Hart was a first-team all-state player on the offensive and defensive lines coming out of Tualatin, Oregon. He went on to become a very versatile player for the Ducks, lining up as a defensive tackle, nose guard and even as a standup outside linebacker, on occasion.

OLB Boseko Lokombo
Height/weight: 6-3, 230
Projected Round: 7th-FA

(From Ourlads):  Lokembo is a tools-rich athlete with the frame, length, and speed you want out of a do-it-al linebacker. A quick look at him and he may become one of your favorite defenders in this class. Lokombo became a factor in the Oregon defense in 2012 after consistently grading out as one of the fastest/strongest players on the team in workouts. I want to like Lokombo but he was very average in 2013. He doesn’t seem to click mentally when diagnosing plays. He has poor reaction time which consistently leaves him in poor positions to make plays and/or get off blocks.

TE Colt Lyerla
Height/weight: 6-5, 250
Projected Round: 7th-FA

Lyerla is a physical marvel with excellent athleticism, good hand-eye coordination and toughness after the catch. He possesses impressive straight-line speed, as well as the agility and balance to operate in space…Perhaps due to the incredible talent competing for the ball at Oregon, he never emerged as a statistically dominant player in Eugene.
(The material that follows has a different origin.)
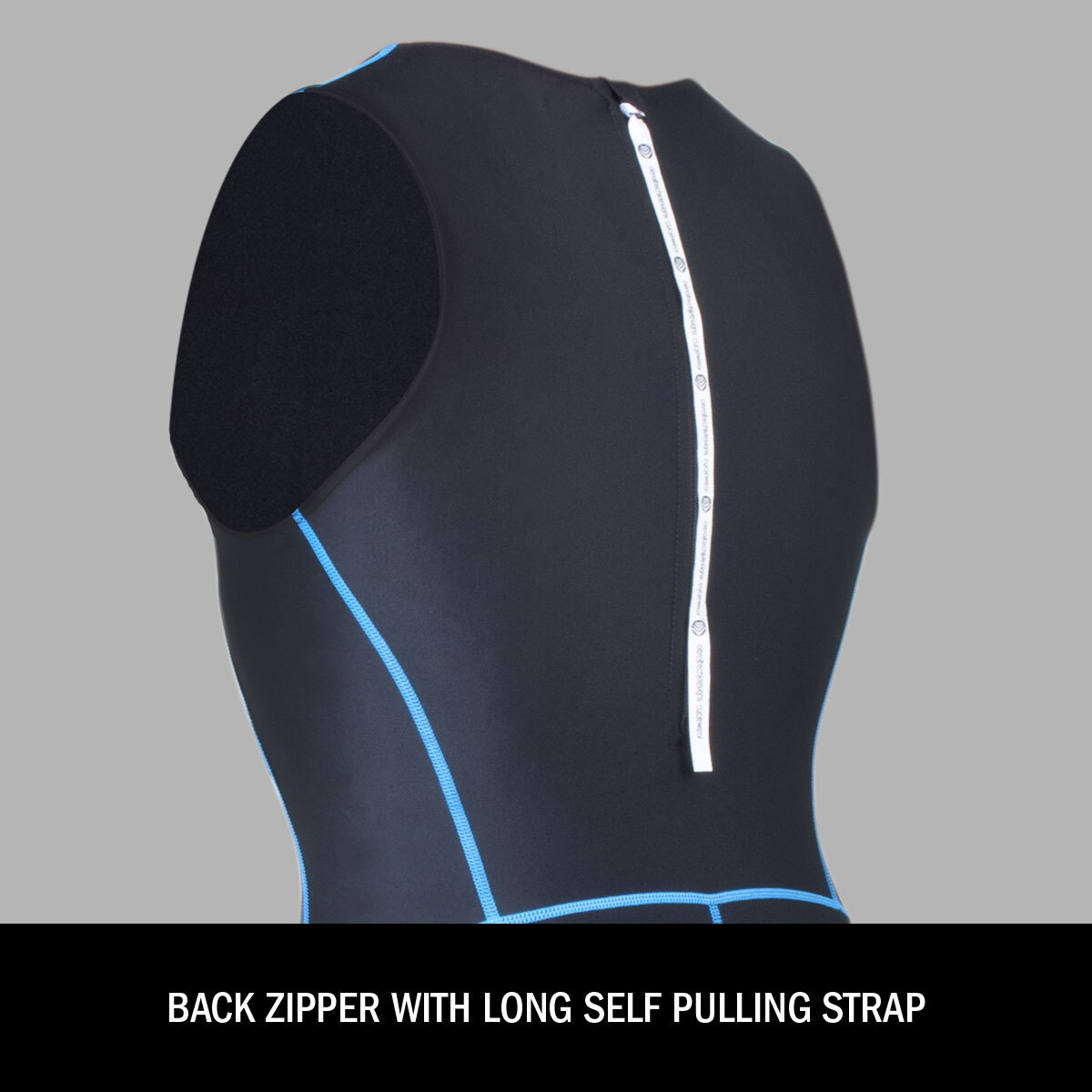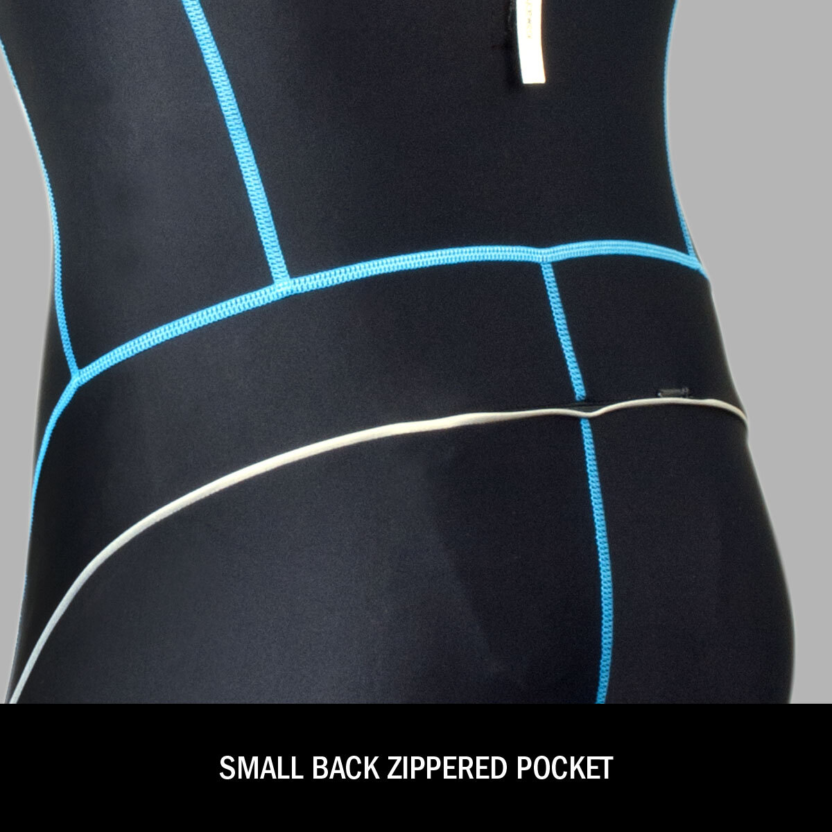 - Aerodynamic one piece triathlon suit is ideal for swim, bike, run events

He caught just two passes for 26 yards in an abbreviated 2013 campaign and his career-high 25 catches for 392 yards and six scores in 2012 aren’t exactly eye-popping, given his size and athleticism…While he possesses tantalizing upside, NFL teams will certainly have to do their homework on Lyerla, who comes with alarming off-field issues, most important a Dec. 27, 2013 guilty plea for possession of cocaine.

FS Avery Patterson
Height/weight: 5-9, 190
Projected Round: 7th-FA

(From Ourlads): He is a quick decision maker that can reach the sidelines fast. While he isn’t as physical, Patterson has shown reliable tackling ability in space. His versatility in the defensive backfield will earn him a draft-able grade.


Some thoughts on Joe Banner, and what his time in Philly taught the Eagles.
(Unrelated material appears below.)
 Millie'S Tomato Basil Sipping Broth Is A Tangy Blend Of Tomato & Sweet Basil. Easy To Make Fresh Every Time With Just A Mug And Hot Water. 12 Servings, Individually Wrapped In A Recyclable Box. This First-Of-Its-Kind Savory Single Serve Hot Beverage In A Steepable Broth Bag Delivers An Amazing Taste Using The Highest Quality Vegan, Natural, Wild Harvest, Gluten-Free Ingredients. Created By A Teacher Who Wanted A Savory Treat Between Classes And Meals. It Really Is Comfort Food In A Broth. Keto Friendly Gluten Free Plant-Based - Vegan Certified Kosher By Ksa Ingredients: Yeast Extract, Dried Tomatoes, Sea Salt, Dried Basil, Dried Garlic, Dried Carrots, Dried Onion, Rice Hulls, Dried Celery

Connor Barwin’s role is unlikely to change despite who’s playing opposite him, Sheil writes.


Phil Sheridan says the Eagles need to find a stud return man for 2014.
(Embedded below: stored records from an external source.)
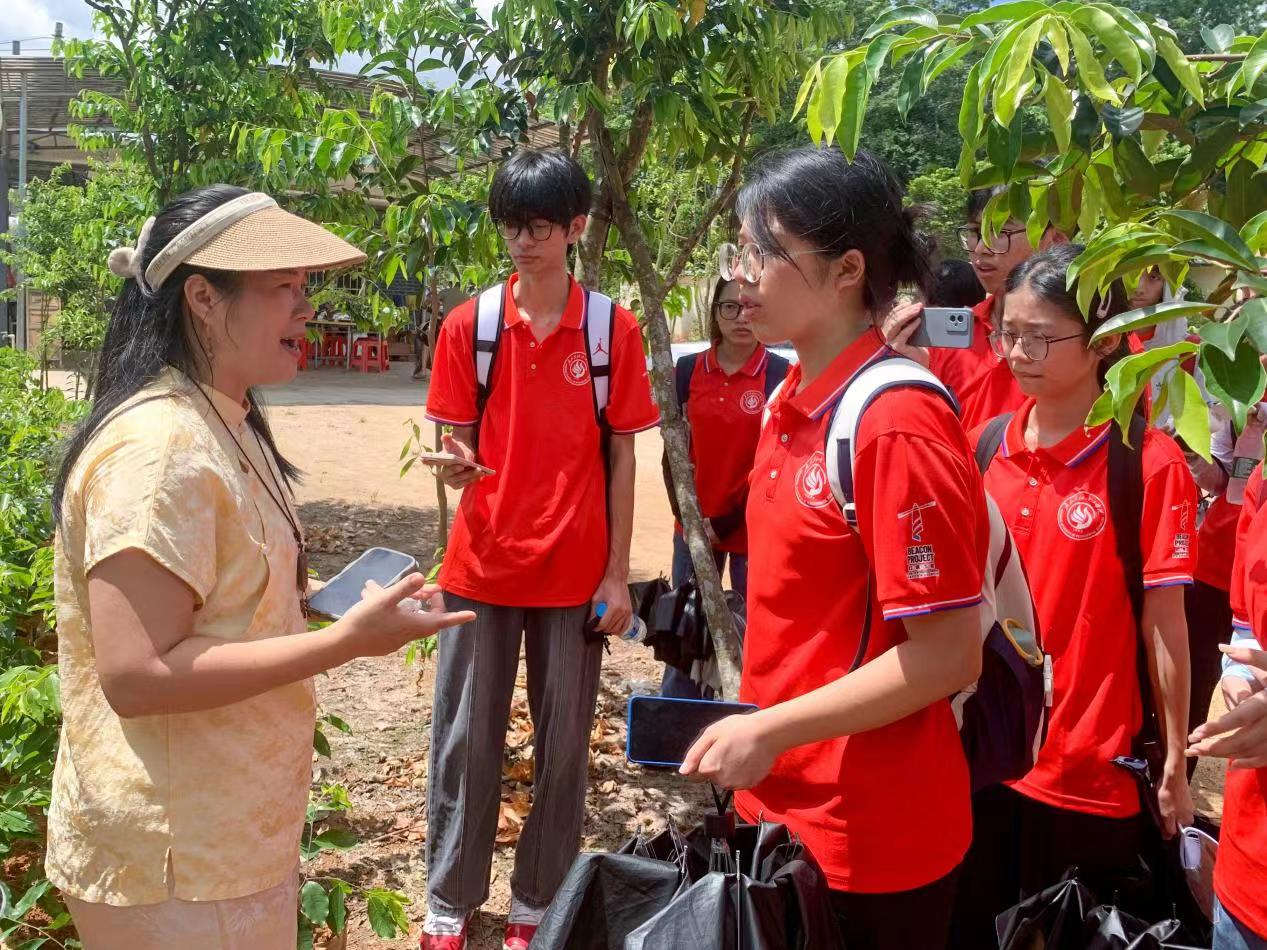 圖為種植園負責人朱嘉麗向實踐團介紹黑油霸母樹 通訊員李貞瑩供圖
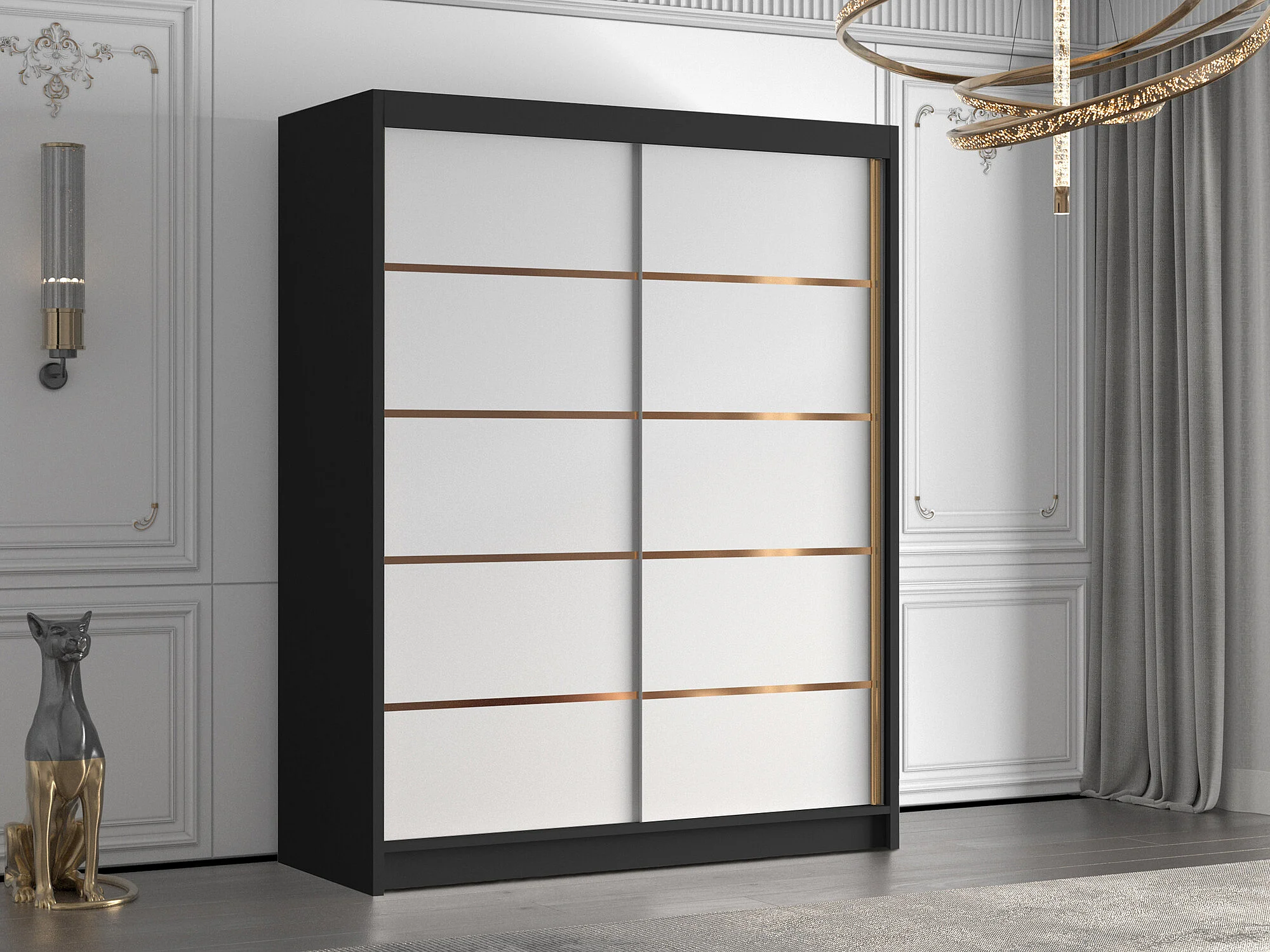 Armoire Closico 187, Blanc|Noir, 200x150x58cm, Portes d'armoire: Coulissantes
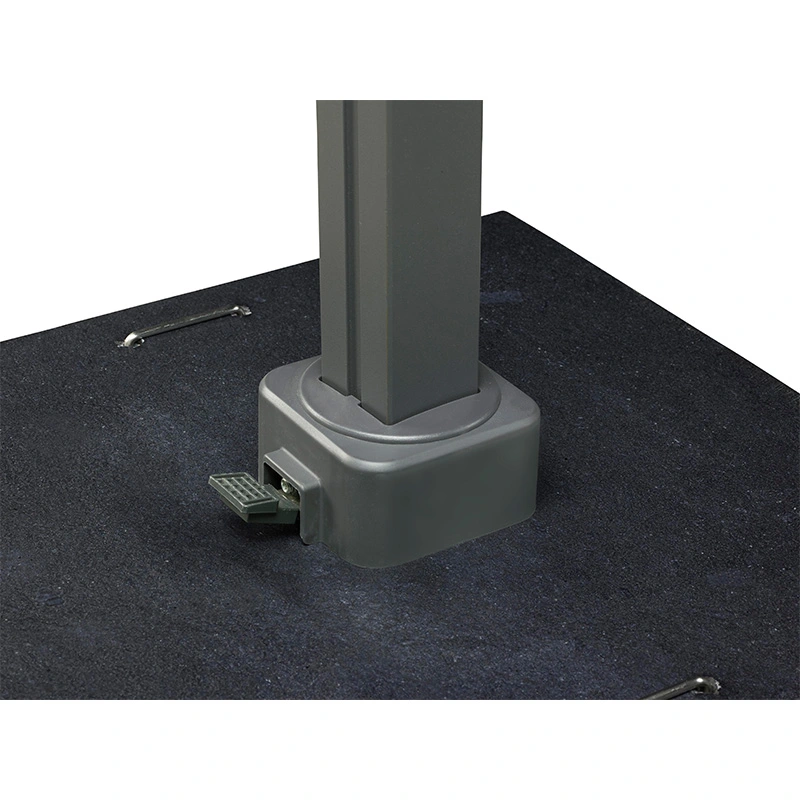 De Icon parasol is voorzien van een kantelmechanisme en is 360° draaibaar waardoor de parasol in iedere gewenste richting tegen de zon ingedraaid kan worden. De Icon zweefparasol wordt standaard geleverd zonder parasolvoet. Wij adviseren u een parasolvoet van 150 kg te gebruiken voor de Icon zweefparasol.

Ideally, the Eagles would be able to draft a player like Cordarrelle Patterson, the rookie wide receiver who burst into the league as an impact return man for Minnesota. Patterson was the guy who prompted the Eagles to kick short to disastrous effect in their game against the Vikings.

Guys like Patterson aren’t easy to find, but the Eagles could well find themselves drafting a wide receiver in the first or second round. LSU wide receiver Odell Beckham Jr. averaged 26.4 yards per kickoff return and 8.4 yards per punt return. ESPN expert Mel Kiper Jr. had the Eagles taking Beckham in the first round in his recent mock draft.

Andrew Kulp of the 700 Level looks at Riley Cooper and the receiver situation.

The surprising part about Cooper was he wound up being an adept deep threat, using his 6’3”, 222-pound frame to box out smaller defensive backs. With less than ideal speed though, it’s questionable whether he could match his 13 receptions of 20-plus yards.

The thing is, a team that doesn’t have a viable deep threat may be willing to pay for Cooper’s unique talent. There are multiple teams who didn’t have a single player with 13 receptions of 20 or more yards—the Eagles had three, and Maclin is perfectly capable of doing it as well.